● **Task item**
Reproduce only the lines below from the line containing "記者趕到廣東省第二中醫(yī" to the line containing "Über 50 Personen", exactly as written, with both end lines kept. Omit the pictures.

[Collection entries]
┄┄┄┄┄┄┄┄┄┄┄┄┄┄┄┄┄┄┄┄
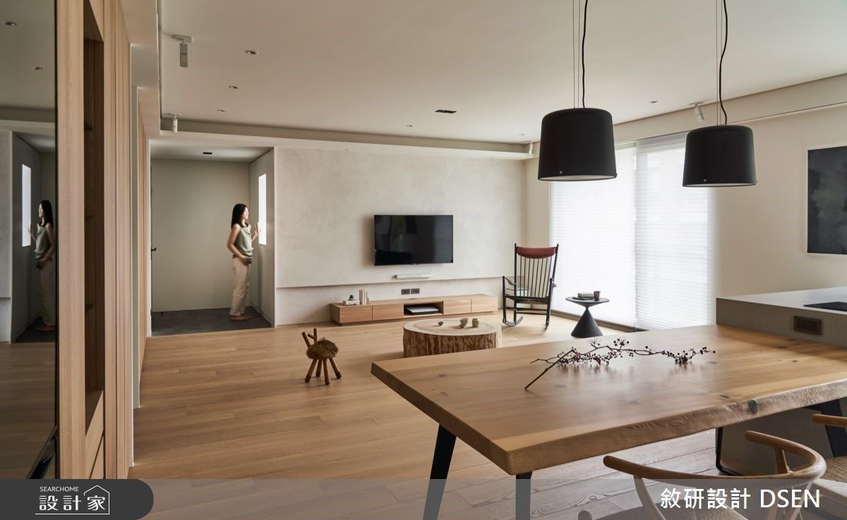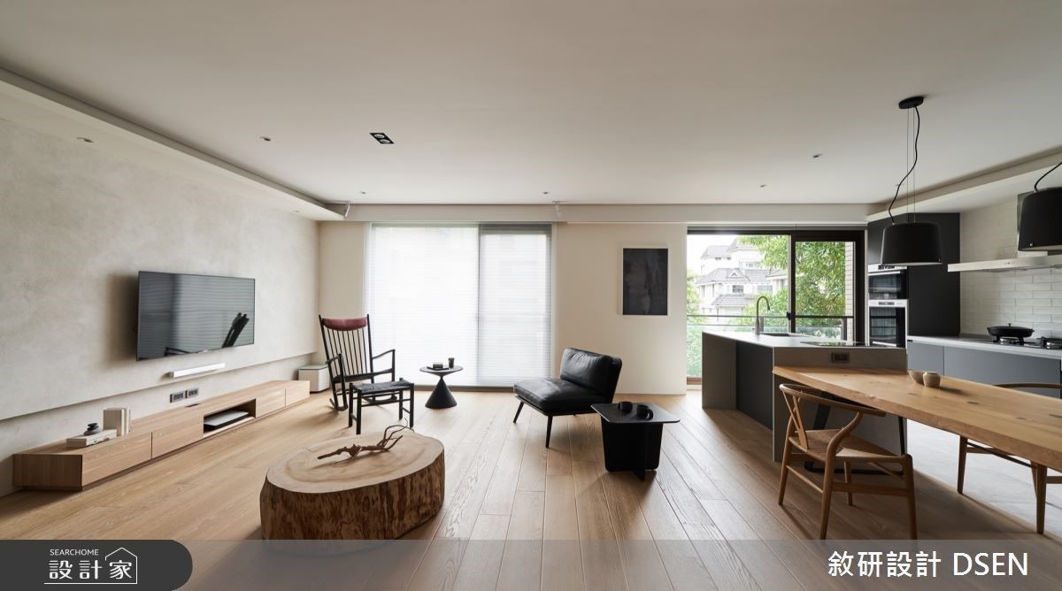 位於內湖近郊的小型社區,為屋齡約 10 年的中古屋,原有格局設計雖已具有現代新成屋的思維,卻仍無法扣合屋主與家人的居住需求。敘研設計大刀闊斧地將室內格局重新配置,讓空間的功能性完美回應生活所需,保留完整的落地窗面,引進日光映照室內純粹的色調,營造舒適無壓的居住空間。
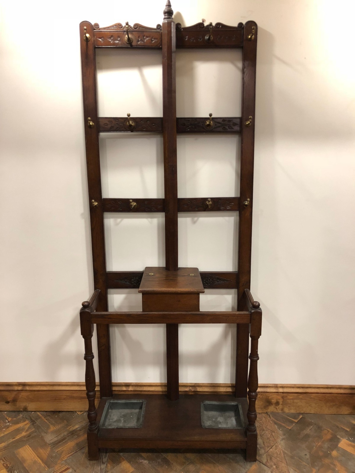 Oak Hat & Coat Hall Stand with 12 Brass Hooks (1 of 1)
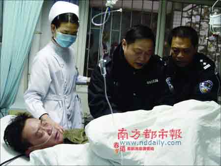 記者趕到廣東省第二中醫(yī)院,鄒本固仍處在昏迷中,正在急救室。輸氧、輸液,將近一個(gè)小時(shí)后,鄒本固終于睜開(kāi)雙眼。
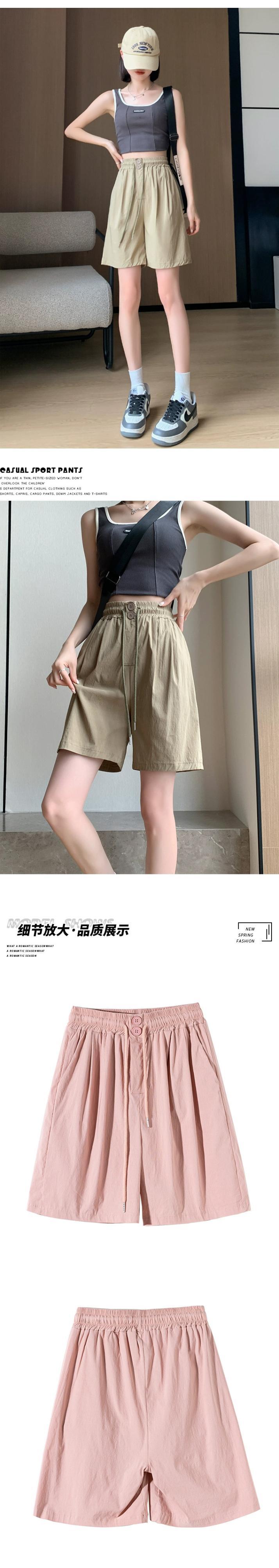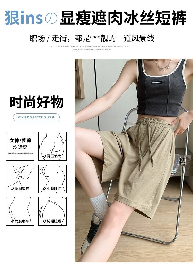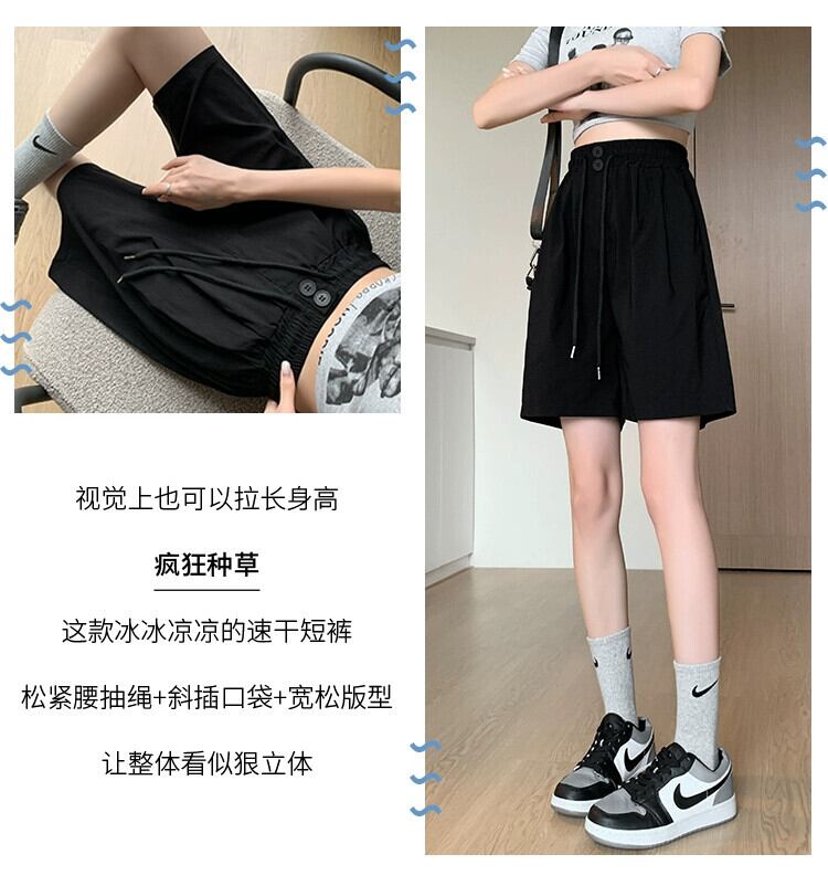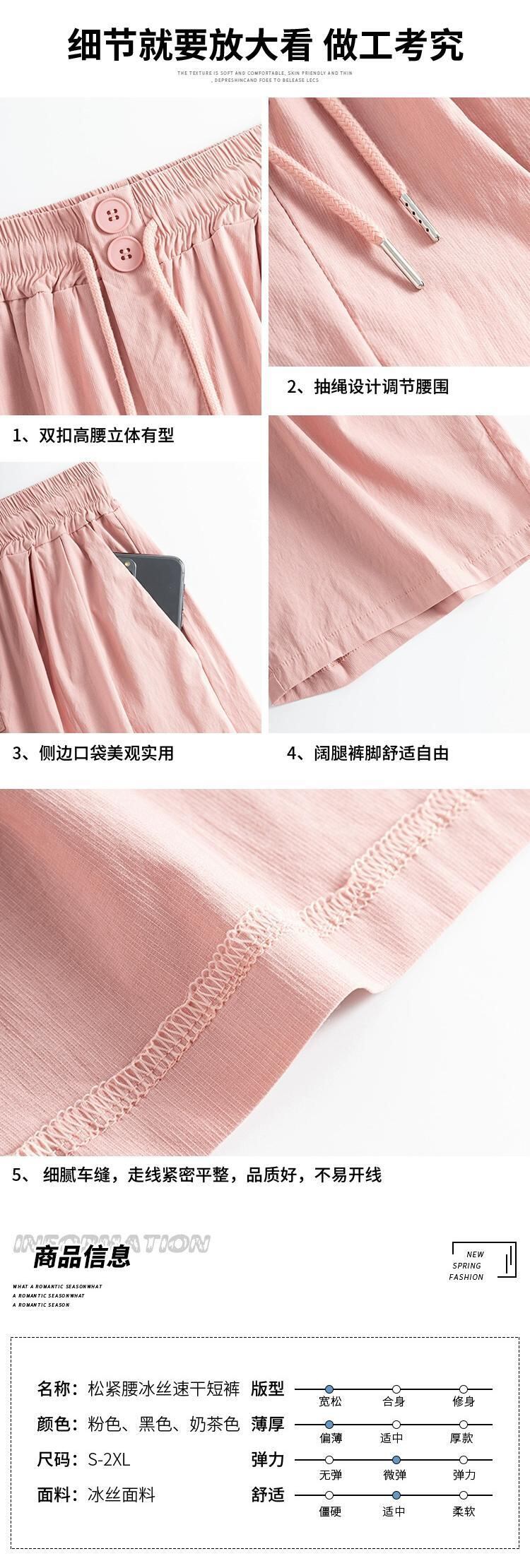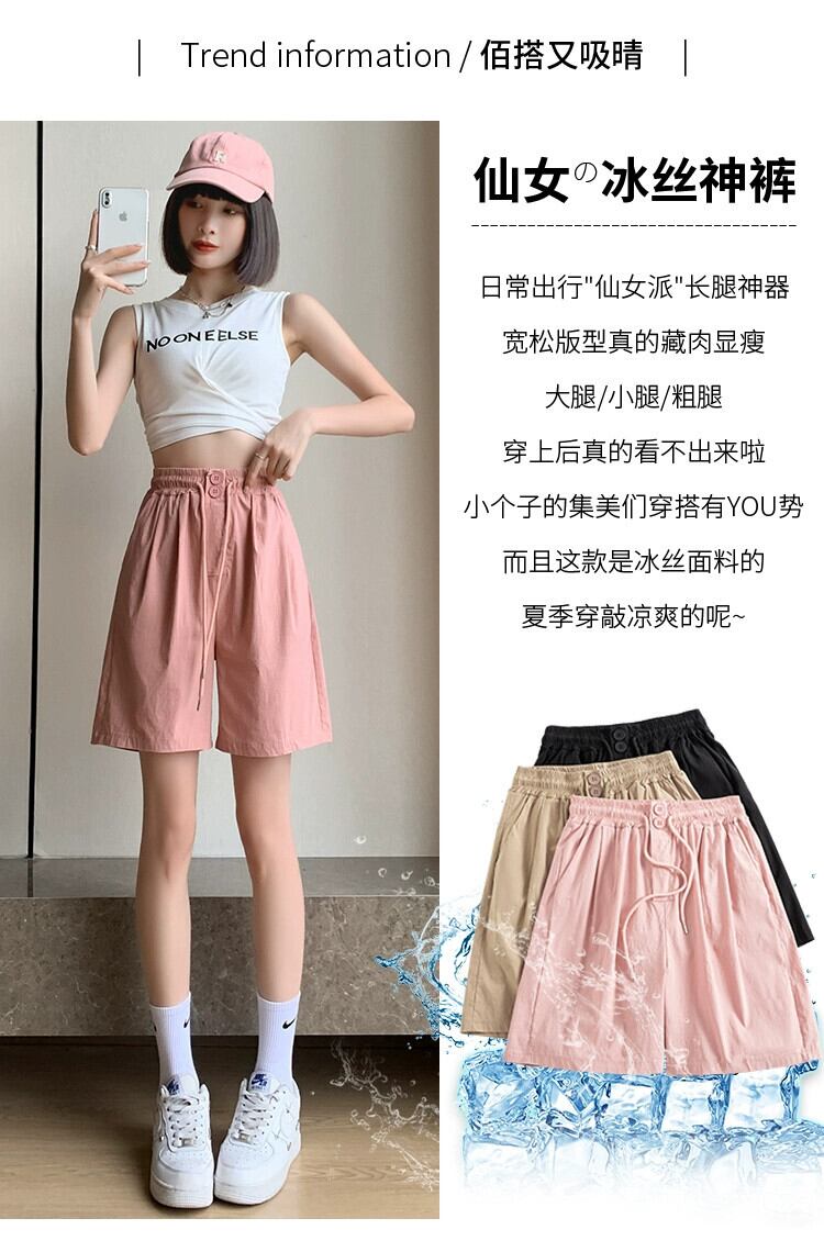 弾性ウエスト巾着アイスシルク速乾性ショートパンツ女性の夏薄いルーズストレートハイウエストカジュアルワイドレッグブラックパンツ ハイウェスト エラスティック 伸縮 サマー 夏物 ショーツ ブルマー 7460088408811616 | framboise21
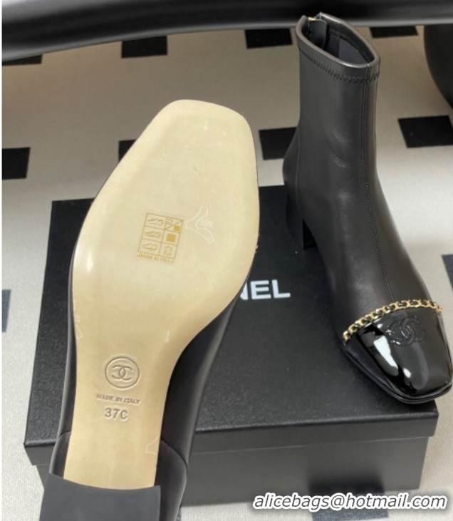 Best Product Chanel Stretch Lambskin and Patent Leather Heel Ankle Boots 5cm with Chain Black 2025 CH110405 1104072
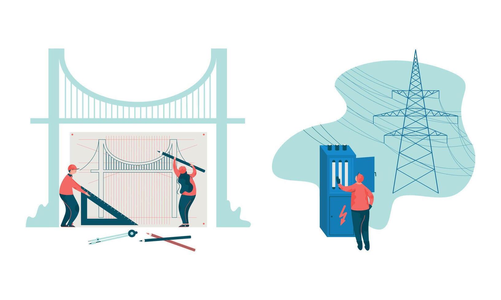 Project Team Engineering Bridge Creating Draft and Checking Electric Circuit in Transformer Vault Set Pro Vector
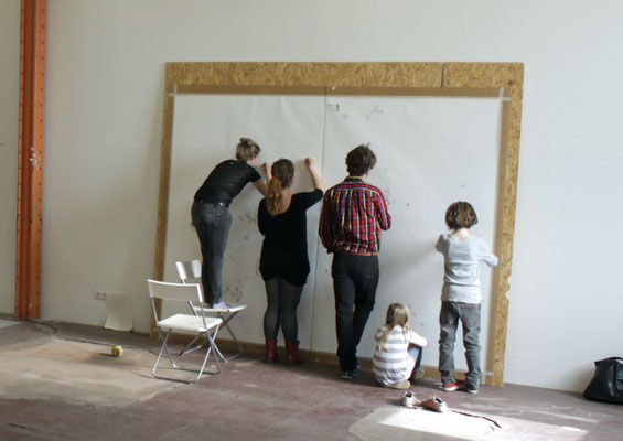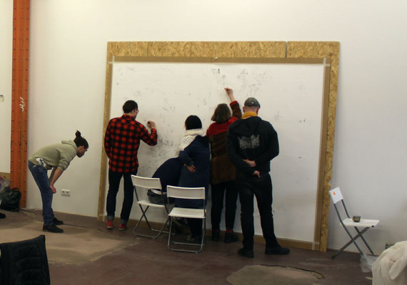 Über 50 Personen haben daran gezeichnet. Ein dezentes Hauptstraßengerüst auf einem großformatigem Papier diente als Einstieg und Rahmen für verschiedenartige räumliche Imaginationen der Stadt.
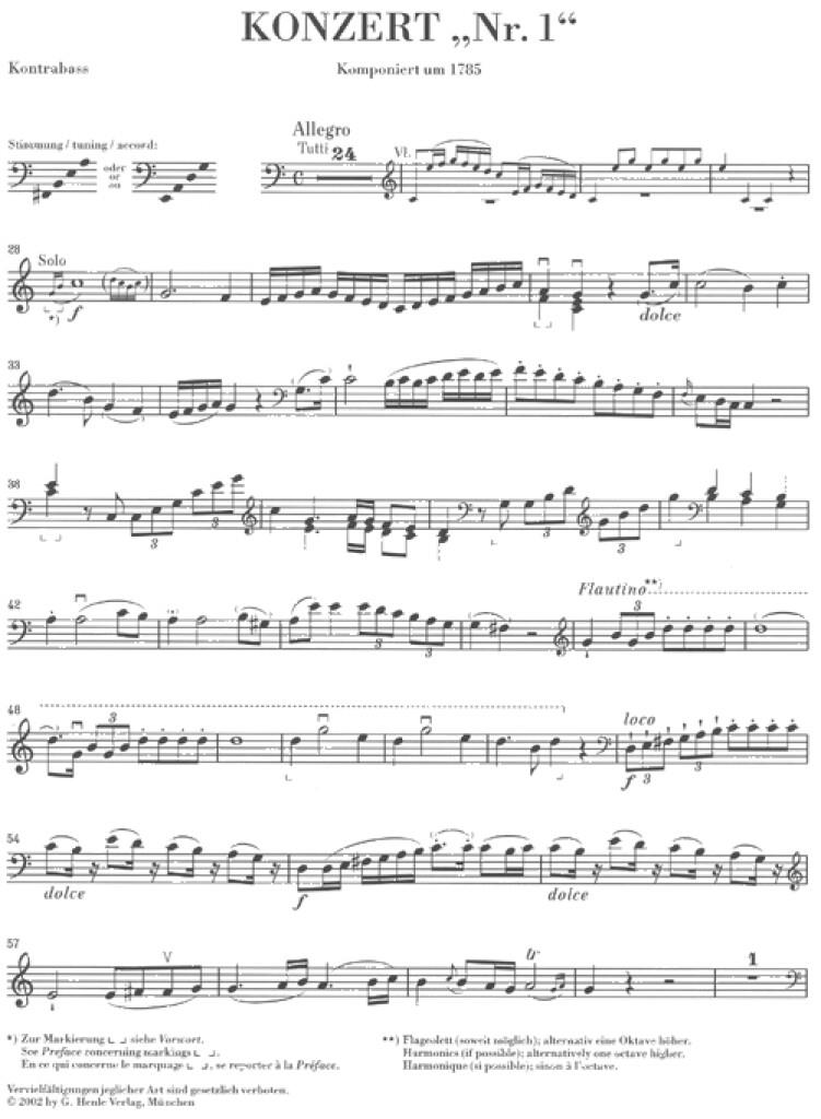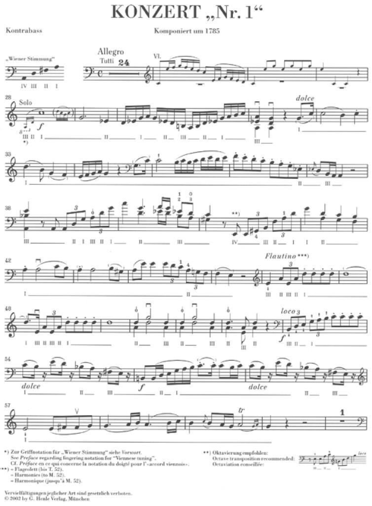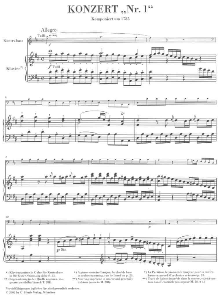 Ce concerto est devenu, en raison de sa richesse d'invention, de la qualité de sa technique d'écriture ainsi que de ses exigences sur les plans technique et musical, l‘une des oeuvres fréquemment requises pour les concours. L'édition répond tous les désirs : la partie de contrebasse est donnée pour l'instrument avec accord de solo et d'orchestre, avec réduction pour piano en Ré majeur et en Ut majeur. En outre, une deuxième partie en «notation par doigtés», spécialement conçue en fonction de l'«accord viennois» en usage l'époque de Hoffmeister, permet l'instrumentiste de jouer directement, sans réapprentissage fastidieux, selon l'accord historique. ?
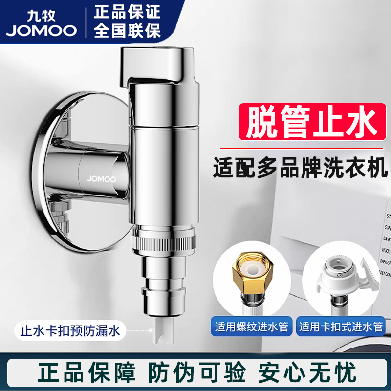 九牧卫浴304不锈钢洗衣机水龙头全自动角阀4分螺纹卡扣防脱落止水
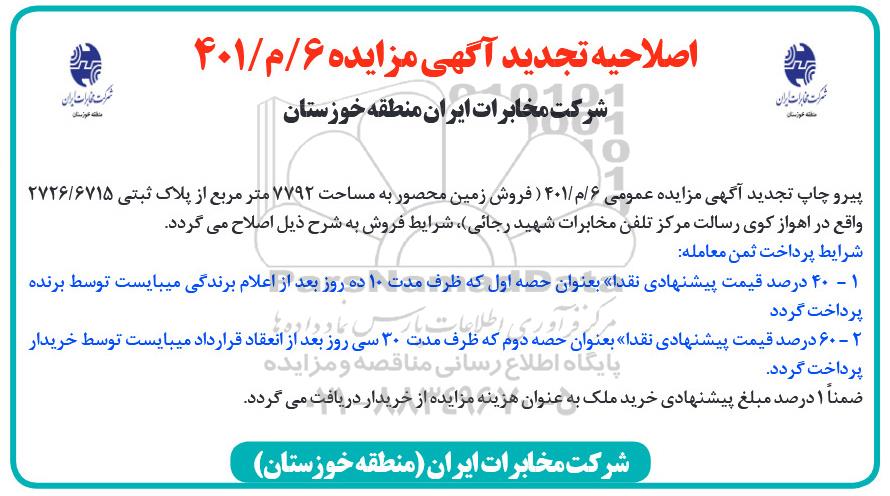 اصلاحیه تجدید آگهی مزایده 6/ م/ 401
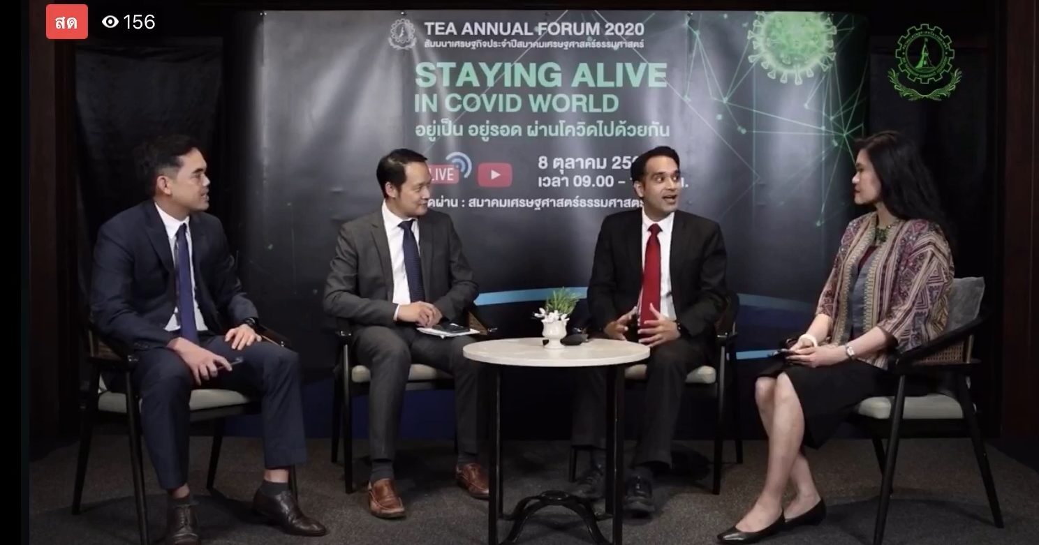 นายอมรเทพ จาวะลา ผู้ช่วยกรรมการผู้จัดการใหญ่ สำนักวิจัย ธนาคาร ซีไอเอ็มบี ไทย กล่าวภายในงานสัมมนาเศรษฐกิจประจำปีสมาคมเศรษฐศาสตร์ธรรมศาสตร์ – TEA Annual Forum 2020 ในรูปแบบออนไลน์ ภายใต้หัวข้อ “อยู่เป็น อยู่รอด ผ่านโควิดไปด้วยกัน” -STAYING ALIVE IN COVID WORLD ว่า เศรษฐกิจโลกมีท่าทีฟื้นตัวได้ดีจากมาตรการกระตุ้นเศรษฐกิจทางการคลังของประเทศสำคัญ มาตรการทางการเงินที่ผ่อนคลาย และการคลายล็อกดาวน์ กำลังซื้อของต่างประเทศเริ่มกลับมาบ้าง การส่งออกเริ่มฟื้นตัวแบบค่อยเป็นค่อยไป เช่น กลุ่มอาหารและอิเล็กทรอนิกส์ กลุ่มเกษตร แต่กลุ่มยานยนต์อาจจะฟื้นตัวช้า ขณะที่ภาครัฐยังมีบทบาทสำคัญในการขับเคลื่อนเศรษฐกิจผ่านการจ้างงานในประเทศ ส่วนค่าเงินบาทในช่วงที่ผ่านมาอ่อนค่าจากปัจจัยต่างประเทศ ส่วนทิศทางค่าเงินบาทในปีหน้ามีโอกาสที่จะแข็งค่า เพราะเราเกินดุลการค้ายังมีอยู่ นอกจากนี้แนะภาคเอสเอ็มอีในการปรับตัว หาจุดแข็ง และออกไปหาตลาดในภูมิภาคอาเซียนเพิ่มเติม
┄┄┄┄┄┄┄┄┄┄┄┄┄┄┄┄┄┄┄┄
● **Reply to the task**
 記者趕到廣東省第二中醫(yī)院,鄒本固仍處在昏迷中,正在急救室。輸氧、輸液,將近一個(gè)小時(shí)后,鄒本固終于睜開(kāi)雙眼。
 弾性ウエスト巾着アイスシルク速乾性ショートパンツ女性の夏薄いルーズストレートハイウエストカジュアルワイドレッグブラックパンツ ハイウェスト エラスティック 伸縮 サマー 夏物 ショーツ ブルマー 7460088408811616 | framboise21
 Best Product Chanel Stretch Lambskin and Patent Leather Heel Ankle Boots 5cm with Chain Black 2025 CH110405 1104072
 Project Team Engineering Bridge Creating Draft and Checking Electric Circuit in Transformer Vault Set Pro Vector
 Über 50 Personen haben daran gezeichnet. Ein dezentes Hauptstraßengerüst auf einem großformatigem Papier diente als Einstieg und Rahmen für verschiedenartige räumliche Imaginationen der Stadt.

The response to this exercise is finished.